For having gone to the trouble of making a self-descriptive movie called Teenage Mutant Ninja Turtles, its producers seem ultimately unsure about its most basic concept.
"So, you're … ninja, mutant, turtle teenagers?" asks journalist April O'Neil (Megan Fox) early on, when the titular characters are revealed. "When you put it like that," one of them quips, "it sounds ridiculous!"
So unfolds more than half the running time of TMNT, the first theatrical live-action reboot of this comic/cartoon franchise since the early 1990s. And while the human players take their sweet time coming to grips with the possibility of anthropomorphic turtles in their midst, the filmmakers simultaneously spend the entirety trying out different blockbuster visions for their heroes, not quite knowing yet how a ninja, mutant, turtle teenager should be, and sacrificing cohesion for the mindless fun of figuring it all out.
Is TMNT's main inspiration Batman Begins? The opening sequences take on the air of a gritty refresh, with New York projecting a Gotham feel, and the samurai crime lord Shredder (Tohoru Masamune) leading his Foot Clan on a fearsome crime spree that mere police can't stop. The word "vigilante" is even thrown around forebodingly – that is, until a cloying bit of self-aware dialogue chastises one turtle for putting on his Batman voice.
But once the film shifts to all-out action, eventually, it bears a strong resemblance to the Spider-Man series. Despite being restyled as hulking, near-invincible, pavement-pounding creatures (this reboot uses animated bodysuit technology, rather than the rubber Jim Henson suits of yore), the four turtles perform acrobatic feats that have them whipping through sewer pipes and slingshotting across the screen like a certain friendly, and much less hefty, neighbourhood superhero.
The weakest homage draws from Transformers, which is unsurprising, if pretty lame, given Michael Bay's involvement here as a producer. The narrative focus of TMNT mistakenly hones in on the human protagonists; it's a technique that works just fine when your star attractions are giant transforming robots who, understandably, are not able to convey a full range of emotions.
In that regard, the film misuses the truest spirit of the TMNT story: the human qualities of its mutant characters. Here, they do indeed have distinct personalities: the leader Leonardo (played by Pete Ploszek, voiced by Johnny Knoxville), the nerd Donatello (Jeremy Howard), the goofy Michelangelo (Noel Fisher), the rebellious Raphael (Alan Ritchson) and their noble master, Splinter (played by Danny Woodburn, voiced by Tony Shalhoub). The turtles are gregarious, non-stop chatterboxes who get all the good zingers, even when being hurled off the side of a skyscraper – but they're mere caricatures, with viewers being asked to fill in the blanks through nostalgic memories of cheese pizzas and cowabungas.

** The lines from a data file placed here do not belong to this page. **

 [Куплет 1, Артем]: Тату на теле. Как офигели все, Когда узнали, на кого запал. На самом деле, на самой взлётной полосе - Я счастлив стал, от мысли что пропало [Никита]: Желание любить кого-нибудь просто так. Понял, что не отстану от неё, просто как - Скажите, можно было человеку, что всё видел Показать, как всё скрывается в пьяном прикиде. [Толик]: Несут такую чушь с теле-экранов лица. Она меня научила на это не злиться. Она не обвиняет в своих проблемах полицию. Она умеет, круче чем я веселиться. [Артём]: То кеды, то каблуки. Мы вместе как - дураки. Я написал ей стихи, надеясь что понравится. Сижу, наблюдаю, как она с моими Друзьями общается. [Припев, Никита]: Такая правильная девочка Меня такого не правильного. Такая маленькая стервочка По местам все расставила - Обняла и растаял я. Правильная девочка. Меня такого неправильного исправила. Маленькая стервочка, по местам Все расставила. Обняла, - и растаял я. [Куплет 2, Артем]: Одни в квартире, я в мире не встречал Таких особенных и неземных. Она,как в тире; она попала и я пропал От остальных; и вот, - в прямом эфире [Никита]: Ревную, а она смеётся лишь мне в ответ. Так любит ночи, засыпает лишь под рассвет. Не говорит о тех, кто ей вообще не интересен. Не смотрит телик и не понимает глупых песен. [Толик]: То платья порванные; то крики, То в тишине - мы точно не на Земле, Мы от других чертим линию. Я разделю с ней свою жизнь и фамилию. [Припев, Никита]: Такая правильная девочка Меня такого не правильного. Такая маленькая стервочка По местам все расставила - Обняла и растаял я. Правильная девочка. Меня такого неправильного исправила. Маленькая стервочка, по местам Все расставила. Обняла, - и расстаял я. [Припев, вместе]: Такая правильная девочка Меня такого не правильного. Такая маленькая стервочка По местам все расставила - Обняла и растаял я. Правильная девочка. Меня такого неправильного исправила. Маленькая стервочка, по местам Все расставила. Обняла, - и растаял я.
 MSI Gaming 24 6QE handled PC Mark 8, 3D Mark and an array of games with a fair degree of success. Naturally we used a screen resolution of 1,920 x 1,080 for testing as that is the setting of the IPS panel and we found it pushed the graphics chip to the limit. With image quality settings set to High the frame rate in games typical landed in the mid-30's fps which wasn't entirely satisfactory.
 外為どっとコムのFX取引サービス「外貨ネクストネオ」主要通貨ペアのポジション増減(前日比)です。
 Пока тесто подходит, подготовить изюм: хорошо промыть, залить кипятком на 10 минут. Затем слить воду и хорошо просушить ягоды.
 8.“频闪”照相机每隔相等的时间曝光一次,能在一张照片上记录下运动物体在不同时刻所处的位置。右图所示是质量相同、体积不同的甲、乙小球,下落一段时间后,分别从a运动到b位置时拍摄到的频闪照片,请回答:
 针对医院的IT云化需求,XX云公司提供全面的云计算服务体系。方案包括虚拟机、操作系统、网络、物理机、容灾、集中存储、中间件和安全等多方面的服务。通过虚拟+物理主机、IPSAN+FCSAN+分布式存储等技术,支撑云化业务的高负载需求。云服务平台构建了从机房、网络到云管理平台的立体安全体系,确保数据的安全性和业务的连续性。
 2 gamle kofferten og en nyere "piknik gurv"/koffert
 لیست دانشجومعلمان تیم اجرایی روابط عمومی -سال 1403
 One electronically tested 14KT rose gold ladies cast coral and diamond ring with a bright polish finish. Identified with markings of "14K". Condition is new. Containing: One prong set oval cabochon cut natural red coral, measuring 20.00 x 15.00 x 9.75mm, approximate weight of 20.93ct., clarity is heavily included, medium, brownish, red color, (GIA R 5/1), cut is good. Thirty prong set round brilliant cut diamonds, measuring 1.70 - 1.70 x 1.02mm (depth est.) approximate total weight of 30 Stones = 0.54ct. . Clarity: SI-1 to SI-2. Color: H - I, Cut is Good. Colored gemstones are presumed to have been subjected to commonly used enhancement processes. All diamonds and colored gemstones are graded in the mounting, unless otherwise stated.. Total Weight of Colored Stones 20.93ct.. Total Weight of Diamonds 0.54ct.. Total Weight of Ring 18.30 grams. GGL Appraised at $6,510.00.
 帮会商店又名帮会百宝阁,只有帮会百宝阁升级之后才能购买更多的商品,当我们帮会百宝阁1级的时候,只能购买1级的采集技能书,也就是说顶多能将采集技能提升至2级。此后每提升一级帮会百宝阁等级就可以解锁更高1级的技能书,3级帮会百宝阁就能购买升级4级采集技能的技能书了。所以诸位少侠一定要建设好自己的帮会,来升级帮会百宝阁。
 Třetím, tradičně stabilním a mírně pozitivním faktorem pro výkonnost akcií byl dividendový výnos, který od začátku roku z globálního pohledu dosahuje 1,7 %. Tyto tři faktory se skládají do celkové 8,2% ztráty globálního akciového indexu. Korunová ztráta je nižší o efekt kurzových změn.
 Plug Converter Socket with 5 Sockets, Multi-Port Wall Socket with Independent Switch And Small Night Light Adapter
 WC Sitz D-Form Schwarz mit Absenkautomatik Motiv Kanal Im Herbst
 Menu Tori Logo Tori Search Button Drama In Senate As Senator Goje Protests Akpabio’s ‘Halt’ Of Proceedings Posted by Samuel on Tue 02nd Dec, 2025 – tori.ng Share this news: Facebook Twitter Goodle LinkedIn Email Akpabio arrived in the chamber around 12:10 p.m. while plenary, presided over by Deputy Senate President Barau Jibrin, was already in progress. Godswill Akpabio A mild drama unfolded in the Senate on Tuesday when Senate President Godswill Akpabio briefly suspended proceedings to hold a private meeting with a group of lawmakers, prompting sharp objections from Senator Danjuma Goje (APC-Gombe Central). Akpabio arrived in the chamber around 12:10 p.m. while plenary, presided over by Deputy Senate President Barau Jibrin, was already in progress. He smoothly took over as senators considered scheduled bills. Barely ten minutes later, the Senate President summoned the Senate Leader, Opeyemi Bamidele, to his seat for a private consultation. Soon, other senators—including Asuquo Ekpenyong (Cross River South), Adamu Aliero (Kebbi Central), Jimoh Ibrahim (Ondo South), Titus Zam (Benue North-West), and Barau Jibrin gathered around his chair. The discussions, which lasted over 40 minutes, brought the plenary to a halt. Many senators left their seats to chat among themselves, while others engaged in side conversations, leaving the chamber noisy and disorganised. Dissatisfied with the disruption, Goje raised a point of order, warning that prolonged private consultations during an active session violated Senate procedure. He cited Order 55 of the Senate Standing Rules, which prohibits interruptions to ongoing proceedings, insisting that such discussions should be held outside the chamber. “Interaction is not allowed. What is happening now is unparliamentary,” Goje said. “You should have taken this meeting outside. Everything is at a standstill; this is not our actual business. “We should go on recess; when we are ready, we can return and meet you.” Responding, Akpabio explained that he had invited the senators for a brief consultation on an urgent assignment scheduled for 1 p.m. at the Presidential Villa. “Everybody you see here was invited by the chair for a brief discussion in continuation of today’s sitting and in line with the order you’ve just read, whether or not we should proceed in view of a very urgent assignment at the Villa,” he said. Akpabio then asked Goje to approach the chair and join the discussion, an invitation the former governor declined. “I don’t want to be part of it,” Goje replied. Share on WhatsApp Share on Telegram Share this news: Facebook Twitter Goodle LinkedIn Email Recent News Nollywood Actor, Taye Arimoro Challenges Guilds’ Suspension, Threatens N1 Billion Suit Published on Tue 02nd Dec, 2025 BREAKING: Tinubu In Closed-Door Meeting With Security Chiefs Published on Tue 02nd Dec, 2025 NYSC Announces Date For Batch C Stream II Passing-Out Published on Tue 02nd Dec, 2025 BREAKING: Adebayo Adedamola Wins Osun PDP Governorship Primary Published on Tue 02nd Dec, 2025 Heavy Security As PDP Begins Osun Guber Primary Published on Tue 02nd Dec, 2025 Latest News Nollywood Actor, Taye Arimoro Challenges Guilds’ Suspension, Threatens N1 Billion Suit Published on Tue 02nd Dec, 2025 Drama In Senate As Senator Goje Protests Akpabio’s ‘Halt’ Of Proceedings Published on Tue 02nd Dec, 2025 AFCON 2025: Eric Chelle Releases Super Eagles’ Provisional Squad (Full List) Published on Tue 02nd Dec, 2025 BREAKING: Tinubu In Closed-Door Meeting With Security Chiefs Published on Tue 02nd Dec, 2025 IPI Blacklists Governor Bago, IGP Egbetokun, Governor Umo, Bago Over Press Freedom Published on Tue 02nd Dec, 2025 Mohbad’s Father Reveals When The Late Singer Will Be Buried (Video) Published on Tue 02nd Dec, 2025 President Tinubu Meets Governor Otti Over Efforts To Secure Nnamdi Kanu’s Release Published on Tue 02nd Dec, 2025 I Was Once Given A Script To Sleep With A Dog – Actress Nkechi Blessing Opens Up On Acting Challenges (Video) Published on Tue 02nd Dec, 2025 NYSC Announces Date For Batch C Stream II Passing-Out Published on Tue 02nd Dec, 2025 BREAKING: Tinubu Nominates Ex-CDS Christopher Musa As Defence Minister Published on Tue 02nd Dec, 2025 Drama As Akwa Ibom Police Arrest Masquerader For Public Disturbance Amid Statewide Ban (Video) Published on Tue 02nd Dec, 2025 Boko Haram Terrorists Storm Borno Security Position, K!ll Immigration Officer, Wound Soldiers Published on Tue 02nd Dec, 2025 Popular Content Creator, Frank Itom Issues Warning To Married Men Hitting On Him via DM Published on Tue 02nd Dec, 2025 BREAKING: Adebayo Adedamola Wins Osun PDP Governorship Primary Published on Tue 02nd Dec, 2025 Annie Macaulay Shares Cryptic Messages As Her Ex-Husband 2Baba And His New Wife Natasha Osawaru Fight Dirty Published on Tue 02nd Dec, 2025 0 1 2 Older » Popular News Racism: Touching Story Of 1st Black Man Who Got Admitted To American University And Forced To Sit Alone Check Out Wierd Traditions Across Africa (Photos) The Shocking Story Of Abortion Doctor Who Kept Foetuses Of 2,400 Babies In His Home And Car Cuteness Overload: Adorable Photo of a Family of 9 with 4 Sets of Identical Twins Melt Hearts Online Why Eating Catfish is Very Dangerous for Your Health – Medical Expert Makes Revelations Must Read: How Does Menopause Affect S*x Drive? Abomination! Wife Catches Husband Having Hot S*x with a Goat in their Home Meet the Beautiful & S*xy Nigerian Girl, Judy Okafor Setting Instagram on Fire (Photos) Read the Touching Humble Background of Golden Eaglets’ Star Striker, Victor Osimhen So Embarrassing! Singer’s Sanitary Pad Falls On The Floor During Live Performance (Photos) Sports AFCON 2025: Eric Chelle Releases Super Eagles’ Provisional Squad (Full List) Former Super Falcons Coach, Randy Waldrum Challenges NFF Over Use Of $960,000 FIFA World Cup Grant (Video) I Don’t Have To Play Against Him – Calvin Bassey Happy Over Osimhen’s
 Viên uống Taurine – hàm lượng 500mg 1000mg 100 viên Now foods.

Instead, we are forced to care much too much about the lives of O'Neil and her cameraman, Vernon Fenwick (Will Arnett). O'Neil, we learn, has a sinister childhood connection to the turtles that her journalistic sleuthing uncovers. Even odder is the subplot where Fenwick is pegged, for comedic effect, as the sad-sack sidekick with a crush on the heroine (the 16-year age difference between Fox and Arnett may more aptly be considered creepy). Arnett feels miscast as the counterpoint to Fox's sullen, serious acting, which needs a foil less acerbic and dry – and old – than what his usual persona offers.
This is the first TMNT instalment; it certainly won't be the last. There's no shame in stitching together the most entertaining aspects of the superhero genre's standard-bearers. But if TMNT the franchise is going to reach the same lofty heights of blockbuster-dom, it still needs to find its own inner hero.